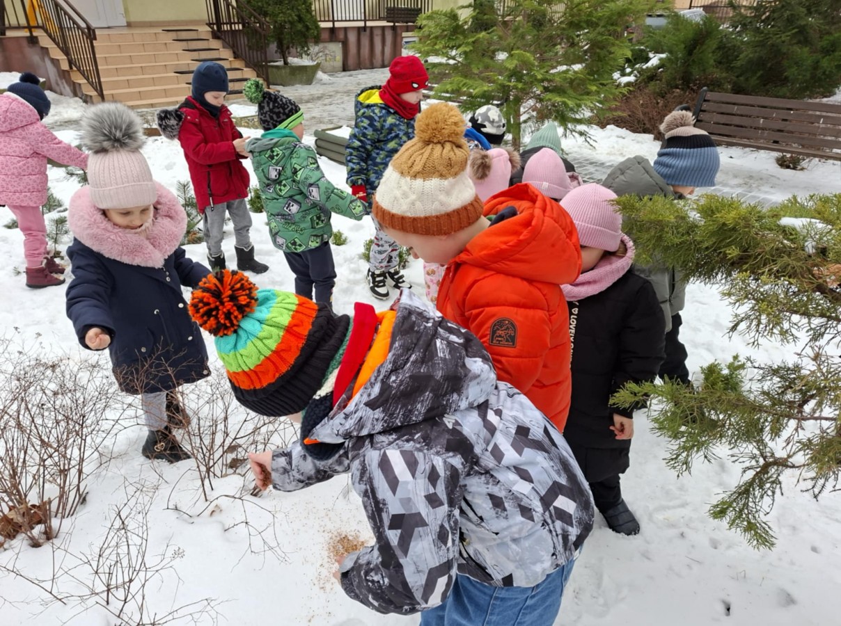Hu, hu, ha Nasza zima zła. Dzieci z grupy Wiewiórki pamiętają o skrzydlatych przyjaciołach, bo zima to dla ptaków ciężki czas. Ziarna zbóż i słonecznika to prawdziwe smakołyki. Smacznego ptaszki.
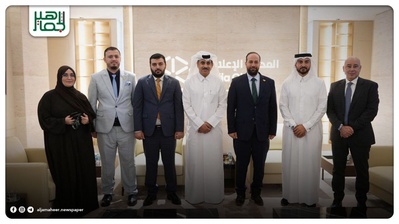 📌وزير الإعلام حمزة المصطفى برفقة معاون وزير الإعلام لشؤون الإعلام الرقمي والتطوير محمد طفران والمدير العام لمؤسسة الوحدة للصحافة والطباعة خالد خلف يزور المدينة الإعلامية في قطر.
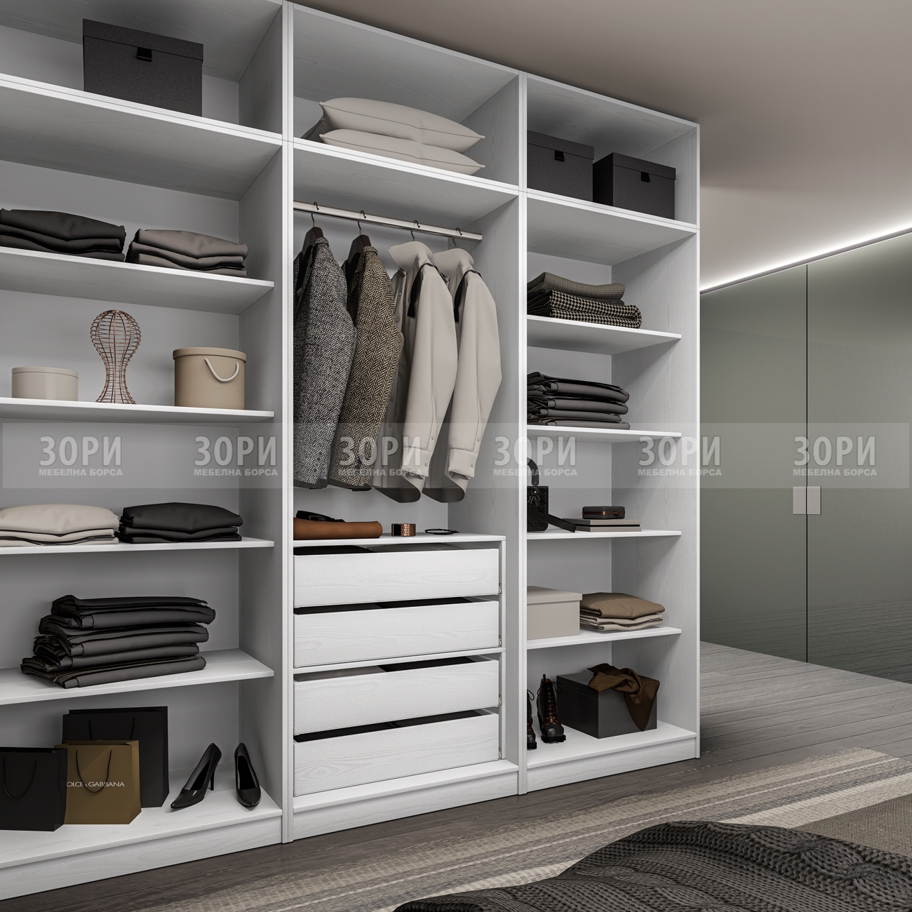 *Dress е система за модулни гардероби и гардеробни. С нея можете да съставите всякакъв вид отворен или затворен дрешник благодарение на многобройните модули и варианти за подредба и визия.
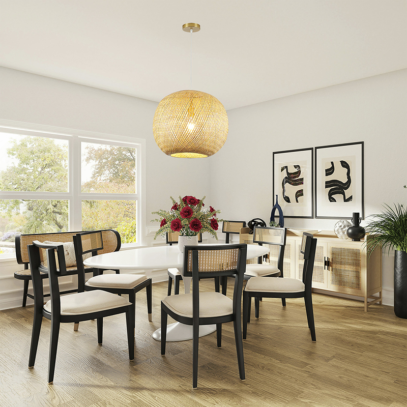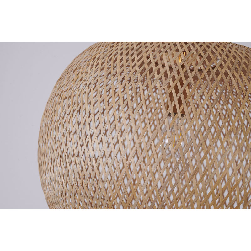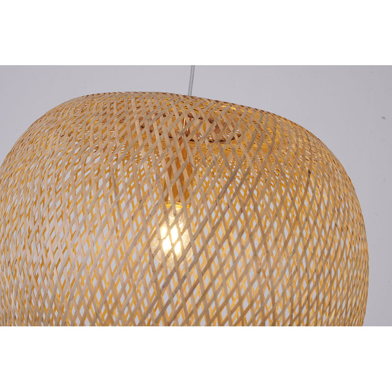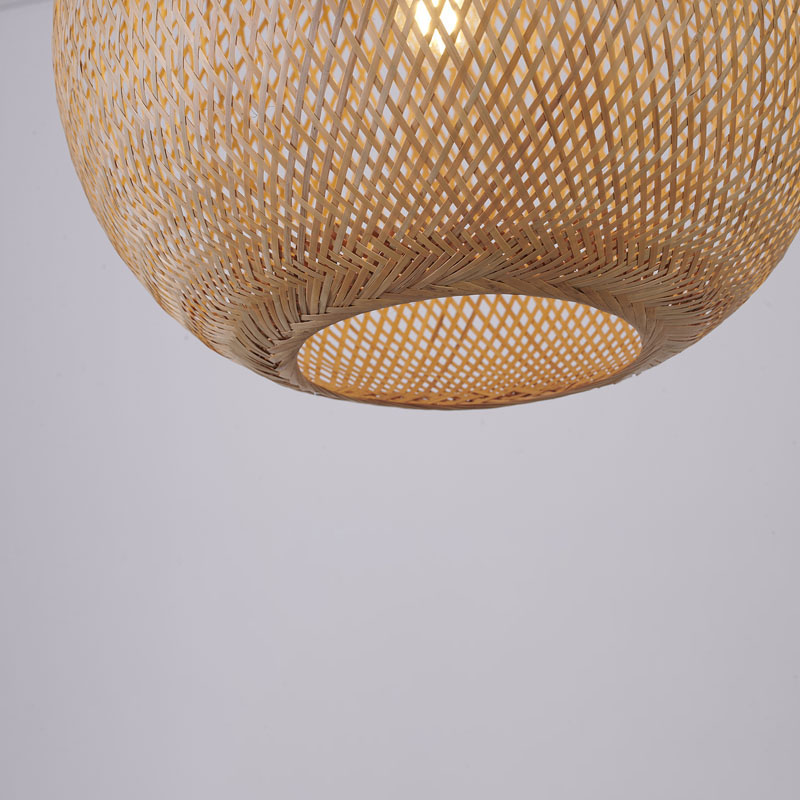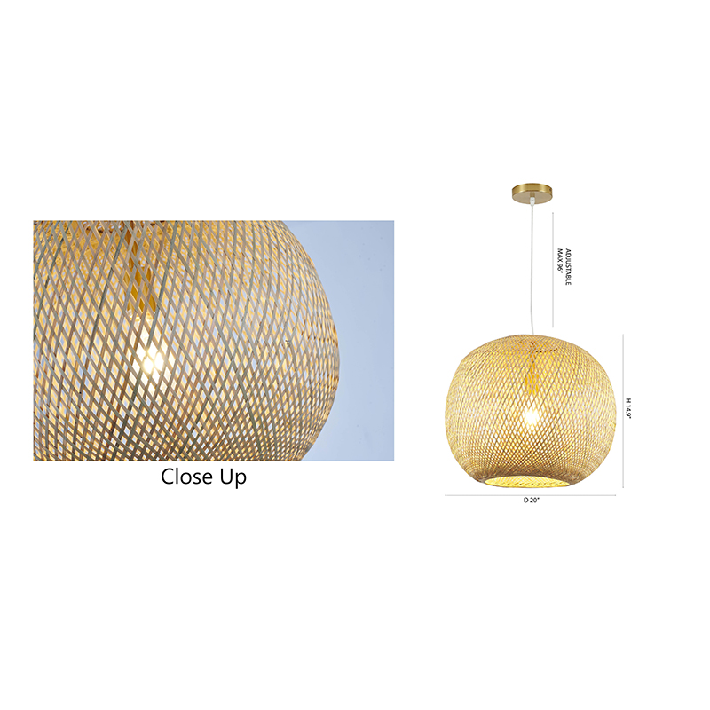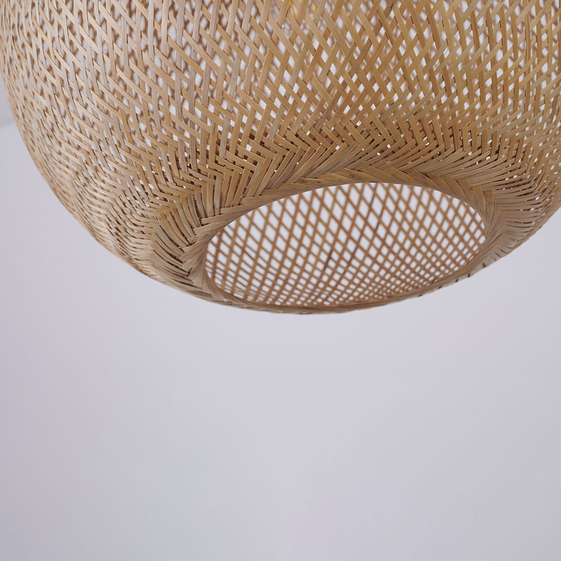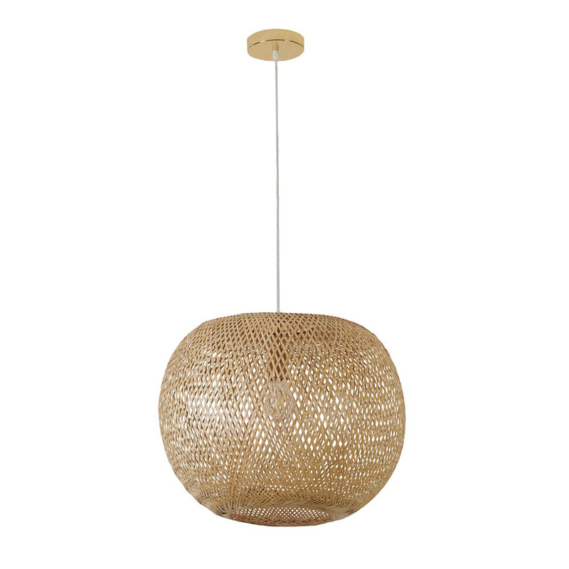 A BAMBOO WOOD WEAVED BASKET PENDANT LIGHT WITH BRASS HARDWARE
---------------
▸ WHAT TO WORK ON:
If a picture falls within the lines from the one containing "подредба и визия." through the end of the material, leave it out while repeating those lines exactly.

▸ THE ANSWER:
 *Dress е система за модулни гардероби и гардеробни. С нея можете да съставите всякакъв вид отворен или затворен дрешник благодарение на многобройните модули и варианти за подредба и визия.
 A BAMBOO WOOD WEAVED BASKET PENDANT LIGHT WITH BRASS HARDWARE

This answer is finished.